CONTACT: Ouray Ranger District (970/240-5300)


Chasm Lake

Leave early to hike the wide, well-used Longs Peak Trail, which snakes through the trees before breaking out into a broad, conifer-dotted basin. At 3 miles, the Chasm Lake Trail forks left past Peacock Pool, Columbine Falls, and the flanks of Mt. Lady Washington and Mt. Meeker. After one last short, steep section, Chasm Lake, which sits at 11,760 feet, suddenly comes into view, tucked below Longs Peak’s imposing 2,000-foot east face.

DISTANCE: 8 1/2 miles round trip

COST: Free

WHERE: From Estes Park, take State 7 south 9 miles and turn right on Longs Peak Campground Rd. Go 1 mile to the trailhead parking area, which can fill by dawn on weekends.

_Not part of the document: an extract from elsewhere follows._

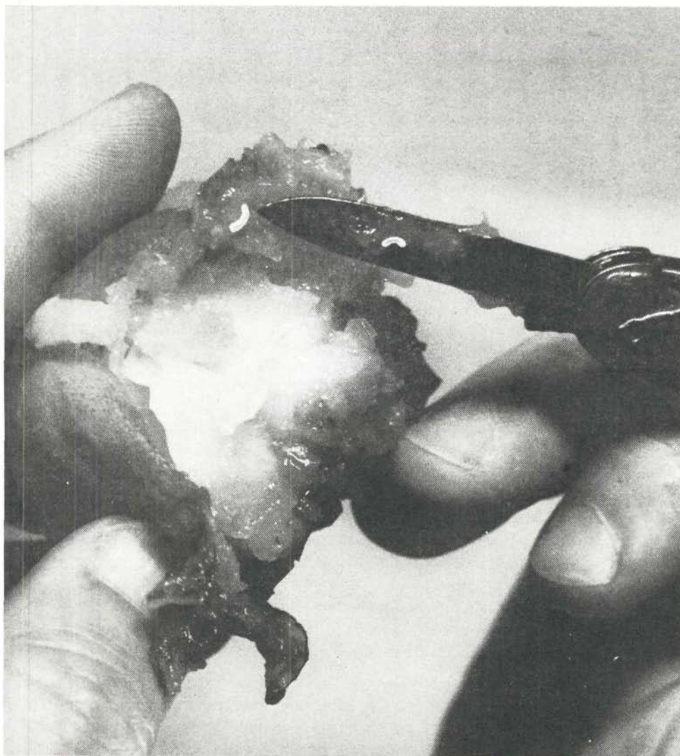
Damaged peach showing medfly larvae (near tip of blade and on blade).

the International Regional Organization against Plant and Animal Diseases (OIRSA), the Caribbean Plant Protection Commission (CEC) and the Tropical Agronomic Centre for Research and Training (CATIE) would all be involved in the operation of the UNDP project. Because containment of the medfly is a major component of the UNDP project proposal, a primary objective is the training of local personnel in quarantine and plant protection methods against the medfly. With the co-operation of the various agencies mentioned above, it is quite possible that the medfly populations can be kept at low enough levels so that the damage they cause is not economically significant and the continued northern movement of the medfly is checked. However, unless action is initiated soon, the medfly may escape its present boundaries.

CONTACT: Rocky Mountain National Park (970/586-1206) 


Sunset Peak Trail

This trail is perfect for an afternoon hike. Not only do you head into the mountains when most folks head home, but as the sun drops down toward the horizon, the view from the 10,648-foot summit can be spectacularly colorful. The trail rims wildflower-choked Albion Basin before climbing to Catherine Pass. From there it’s 1/2 mile to the summit of Sunset Peak.

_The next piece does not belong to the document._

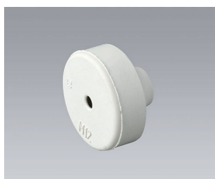
C2312137 Cable grommet EPDM light grey RAL 7035

DISTANCE: 3 miles round trip

COST: Free

WHERE: From I-215 southeast of Salt Lake City, take exit 6 to State 210 and continue up Little Cottonwood Canyon 8 miles to Albion.

CONTACT: Public Lands Information Center (801/466-6411)


White Pine Lake

Weaving a crooked path above Little Cottonwood Canyon, this trail to the high country towering over Salt Lake City teases you with early shade before you break through the treeline roughly 2 miles beyond the trailhead. Climbing from there to the 10,000-foot-elevation lake, you’re surrounded by a granitic cathedral of peaks and chutes. Along with pocket bouquets of wildflowers, intriguing splatters of pea-soup green lichen dot many of the boulders above the treeline.

DISTANCE: 9 miles round trip

COST: Free

WHERE: From I-215 southeast of Salt Lake City, take State 210 up Little Cottonwood Canyon 5 1/2 miles to the White Pine/Red Pine trailhead.

CONTACT: Public Lands Information Center (801/466-6411) 


Stillwater Trail

Winding past marshy meadows favored by browsing moose and through thick conifer forests, this trail runs up the north slope of the Uinta Mountains toward the High Uintas Wilderness Area. Four miles down the trail, follow the left fork up to Amethyst Lake, rimmed by soaring cliffs. Take your fishing pole to probe the lake for trout.

DISTANCE: 14 miles round trip

COST: $3 day use

FYI: Keep a safe distance from moose.

WHERE: From Evanston take State 150 (the Mirror Lake Scenic Byway) south 35 miles; turn east on Stillwater Rd. and drive 4 miles to Christmas Meadows Trailhead (where you can access Stillwater Trail).